Гавриил показал взглядом на Ямалетдинова и на его слушателей.
— Ямалетдинов и Прокопочкин договорились до ничего, — пояснил со страхом в глазах он. — Ямалетдинов сказал, что аллаха нет. Он не верит в того, кого нет в жизни, при нем. Своих мулл, если б он имел власть, повесил бы немедленно на осинах, — муллы имеются в жизни и, как клопы, сосут кровь из таких, как он, бедняков. Прокопочкин пожал Ямалетдинову руку и ответил ему: «Я тоже не верю в бога — его нет.
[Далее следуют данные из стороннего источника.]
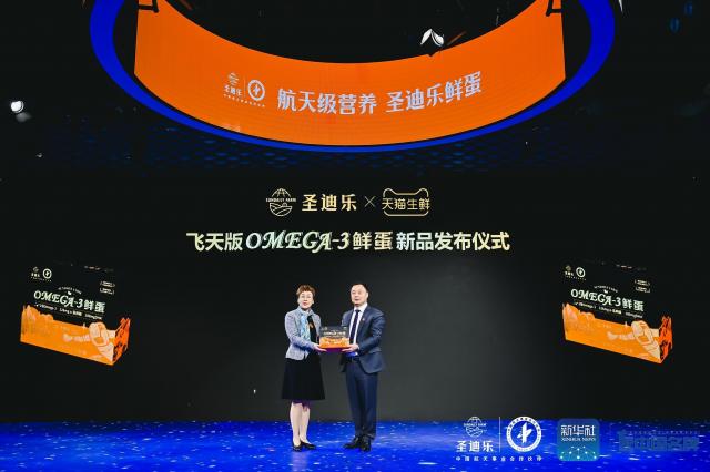 本次發布會現場,圣迪樂聯名天貓首發了新品——飛天版OMEGA-3鮮蛋。康彥榮和天貓生鮮事業部行業總監程琦表示:“圣迪樂與天貓合作已有7年的時間,雙方一直是重要合作伙伴。圣迪樂作為中高端雞蛋市場中市占率第一的品牌,在該領域不斷推動品類發展,研發出一系列的高品質雞蛋。天貓平臺有10億的用戶,其中有大部分是高凈值的母嬰用戶,這部分用戶除了關注食物本身的品質之外,同時也注重食物的營養。天貓的消費群體對于食品和生鮮的需求呈現出向健康營養、品質化消費升級的趨勢。OMEGA-3雞蛋在歐美國家有廣泛的市場需求,圣迪樂此次推出的OMEGA-3鮮蛋以科技內核升級雞蛋營養,帶領中國蛋品行業達到世界水平。天貓希望在這次合作中將航天級營養提供給更多的天貓用戶。”

Он даже не дым, который глаза точит. Но попы есть… Попы и монахи». Ах, если б ты, Ананий Андреевич, слышал… — Гавриил дернул головой, закатил глаза, побледнел.
— А тебе что? — спросил я. — Ведь ты не поп… и не мулла?
— Он выше — херувим из-под лежанки, — сказал Первухин и рассмеялся. — Верно, Гаврюша?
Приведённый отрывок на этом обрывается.